Task to carry out:
Transcribe the listing that follows in full, exactly, and drop its images.

Segment Start: Information provided

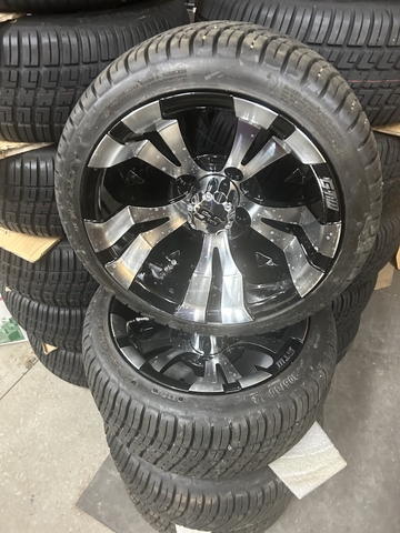 12' ALL BLACK SPOKE WHEEL W/255/55-12 TIRES. REQUIRES LIFT-$525.00
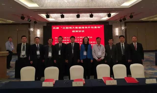 乘著北海市委務(wù)虛會的東風,2017年1月8日,在自治區(qū)工信委徐莉青副主任、北海市委常委、副市長曾子祥,桂林電子科技大學校長古天龍等領(lǐng)導見證下,清華大學國家服務(wù)外包人力資源研究院與桂林電子科技大學、北海工業(yè)園區(qū)管委會、中國電子北海產(chǎn)業(yè)園公司在深圳簽署合作協(xié)議,建設(shè)北部灣大數(shù)據(jù)及服務(wù)外包基地,標志著以軟件及信息服務(wù)業(yè)為主導產(chǎn)業(yè)的中國電子北部灣信息港進入新的發(fā)展階段。
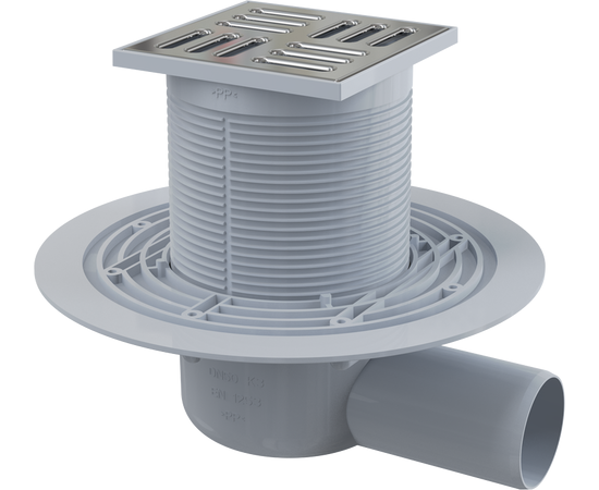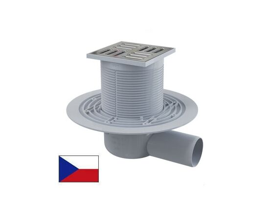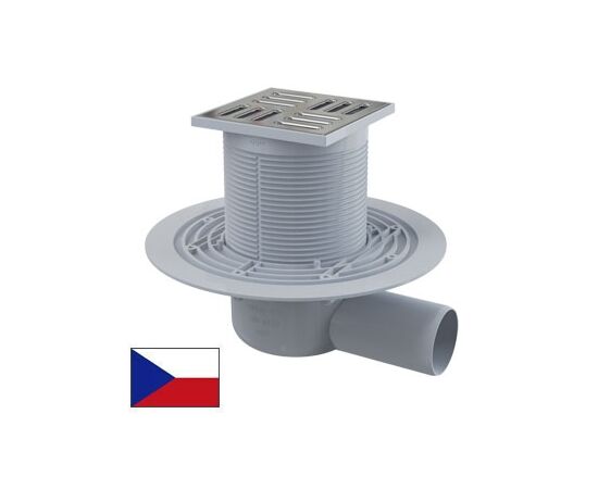 Сливной трап 105 × 105/50, подводка – боковая, решетка – нержавеющая сталь, гидрозатвор – мокрый, арт.APV1311

Segment End: Information provided

Result below:
 12' ALL BLACK SPOKE WHEEL W/255/55-12 TIRES. REQUIRES LIFT-$525.00
 乘著北海市委務(wù)虛會的東風,2017年1月8日,在自治區(qū)工信委徐莉青副主任、北海市委常委、副市長曾子祥,桂林電子科技大學校長古天龍等領(lǐng)導見證下,清華大學國家服務(wù)外包人力資源研究院與桂林電子科技大學、北海工業(yè)園區(qū)管委會、中國電子北海產(chǎn)業(yè)園公司在深圳簽署合作協(xié)議,建設(shè)北部灣大數(shù)據(jù)及服務(wù)外包基地,標志著以軟件及信息服務(wù)業(yè)為主導產(chǎn)業(yè)的中國電子北部灣信息港進入新的發(fā)展階段。
 Сливной трап 105 × 105/50, подводка – боковая, решетка – нержавеющая сталь, гидрозатвор – мокрый, арт.APV1311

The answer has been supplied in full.